In the current analysis, 9 (20%) of the 44 regions predominantly (>50% of the pixels) classified as negative were misclassified. In Table 1, Gleason score 3 + 3 represents most of these false negative regions. The Gleason score, which comprises the grade of the two most prevalent histological patterns found in a stained prostate tissue slice, is an indicator of the stage and aggressiveness of prostatic carcinoma [56, 57]. Following recent consensus in prostate grading, Gleason rate score 3 + 3 is rated as grade group 1, indicating very low-risk disease with high survival rates and virtually no chance of metastasis [58, 59]. We believe that the use of a diverse training set (i.e. a set that consists of malignancies with varying aggressiveness) leads to a higher risk of misclassification in prostates containing very low-grade or very high-grade PCa, as these are the most different from the training set average.

The current performance is limited by the small training set in this study, hampering the possibility to define subgroups according to Gleason score. Since the microvascular density is a viable marker in the staging of PCa [18], this might allow us to distinguish low-risk and high-risk PCa. Studies in contrast-enhanced MRI suggest that perfusion-based discrimination between PCa grades, and even prostatitis, is possible [60]. In this study, we did not assess the differences in tumour classification of grades; an extended dataset would allow such validation in the future. Another limitation of the study concerns the analysis of small foci, which, considering the error margin in appointing the ROIs, could not be included in the study.

DCE-US is not only a valuable modality for diagnosis of PCa; its use is increasingly mentioned as a tool to monitor the therapeutic effect of focal therapy. For instance, DCE-US was found to map tissue devascularisation as well as DCE-MRI after interstitial laser therapy [61, 62]. DCE-US has, therefore, been used for interstitial laser therapy [63] and high-intensity focused US treatment to visualize viable and devascularized regions [64, 65]. Apart from the classifier’s aid for tumour localization and monitoring, the ability of such classifier to discriminate low-risk and high-risk disease would especially improve the application of focal therapy and active surveillance strategies.

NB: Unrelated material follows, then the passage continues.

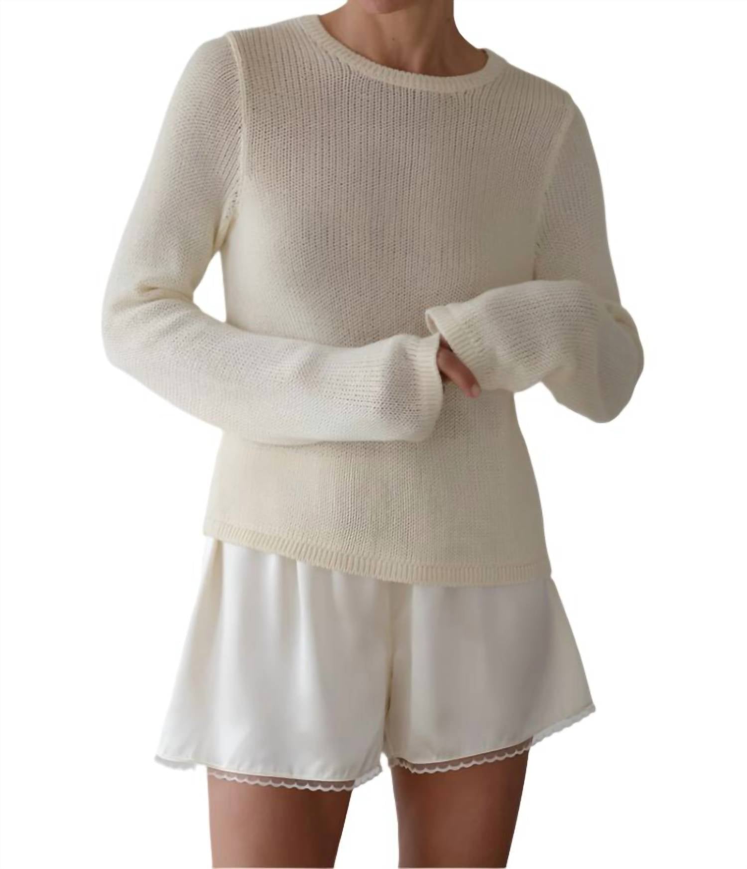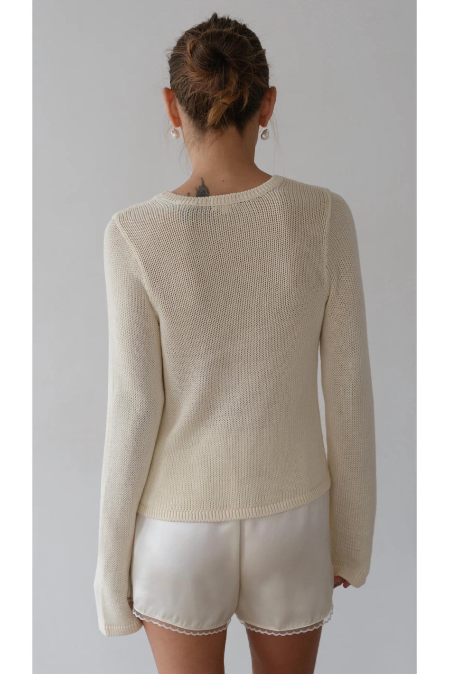 Great fit, cute design, soft fabric. You'll love everything about this long sleeve tee. The Knit Crewneck Long Sleeve Top by DONNI. in a chic creme hue is an ideal addition to any travel wardrobe. With its long sleeves, it is made from 100% cotton, offering a lightweight and breathable feel complemented by a textured, open-knit. This relaxed silhouette is crafted in the U.S. and features a classic crew neckline, finished with ribbed trim. Closure type: Pull on. Care instructions: Dry clean only. Model Simone is 5’8” with a 33 1/2” bust, 24 1/2” waist, and 34 1/2” hips, wearing a size small.

In conclusion, we see that combined evaluation of contrast-enhanced ultrasonographic parameters has superior accuracy and NPV in tumour localization compared to the individual parametric maps. The GMM-based multiparametric analysis is fast, versatile and allows a reliable confidence estimation of its classification. It was shown that pixel exclusion could boost the performance even more without disregarding relevant areas of the prostate. Like in computer-aided diagnosis of breast lesions [66, 67], an extensive review of other algorithms is recommended to obtain an overview of the performance, advantages and drawbacks of other classification methods for the detection of PCa. In the future, parametric maps derived from other US modalities such as Doppler and elastography could also be included [68], as well as the results from other diagnostic tools (e.g. PSA assessment), but this is beyond the scope of the current study. Furthermore, this analysis is based on a small patient group, and we recognize that a more extended validation is needed to derive global measures for classification. We expect that this method can also be employed to image other types of cancer.